But as the government changed the definition of a small business to one with annual revenues of up to $10 million, tax concessions, if they pass the Senate, would be available to all businesses that fall in this category.

Ms Cash, in her first official speech as the Small Business Minister, had also told attendees at the National Small Business Summit in Sydney earlier this year that the government would pursue a policy agenda that would “create the right economic environment” for SMEs.

“As a government, we will be behind you [small business] every step of the way. Thank you for providing millions and millions of Australians with jobs. Thank you for being the bedrock of our local communities,” the Small Business Minister said at the time.

“When small and family businesses prosper and grow, Australia as a nation prospers and grows.”

Ms Cash added: “My role is to represent small business views in cabinet, take on your feedback and continue to create the right economic environment for you to prosper and grow so you can continue to be the engine room of the Australian economy.

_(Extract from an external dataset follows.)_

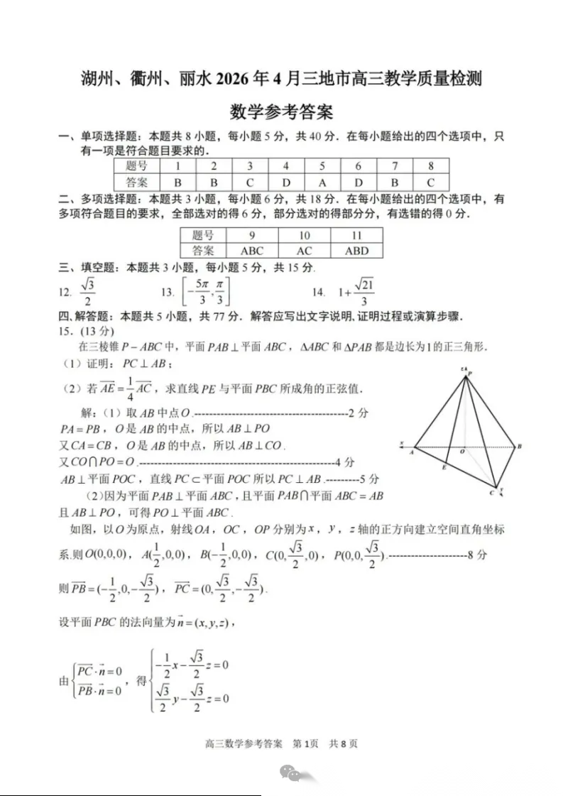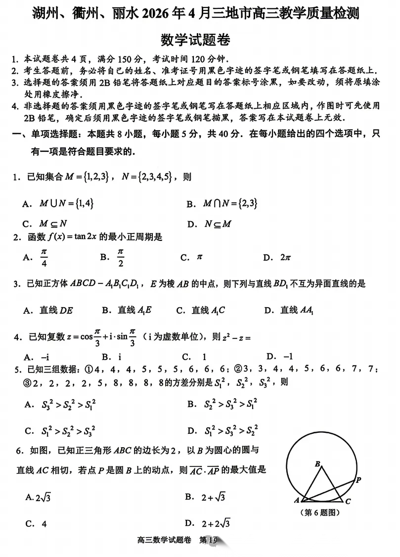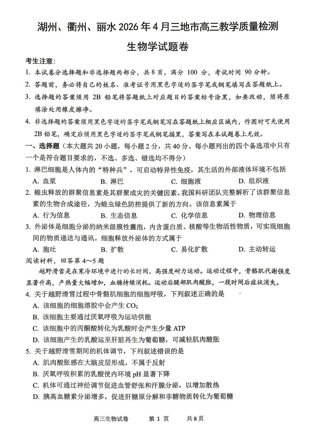 【浙江卷】浙江省湖州、丽水、衢州市2026年4月三地市高三年级教学质量检测(湖丽衢二模)(4.14-4.16) 数学生物英语语文历史地理试题卷+答案

“Government needs you to be successful, because when you are successful, our nation prospers, and that is what we all want.”

The Morrison government has since passed legislation to fast-track tax cuts for SMEs, bringing the tax rate down to 25 per cent from 2021–22 for businesses with an annual turnover below $50 million, five years earlier than former prime minister Malcolm Turnbull’s plan.

Unincorporated businesses will also receive a 16 per cent tax discount by 2021–22 under new laws.

The government said that the SME tax cut will cost the public $3.2 billion, which has been partially offset by the $1.3 billion in savings made from scrapping tax cuts for large businesses.

The Australian Small Business and Family Enterprise Ombudsman (ASBFEO), Kate Carnell, had made a recommendation to the government to establish a Business Growth Fund that provides long-term finance solutions to SMEs. Specifically, the ASBFEO suggested that through such a fund, SMEs would be able to apply for loans between $250,000 and $5 million, with terms up to seven years, secured against the business.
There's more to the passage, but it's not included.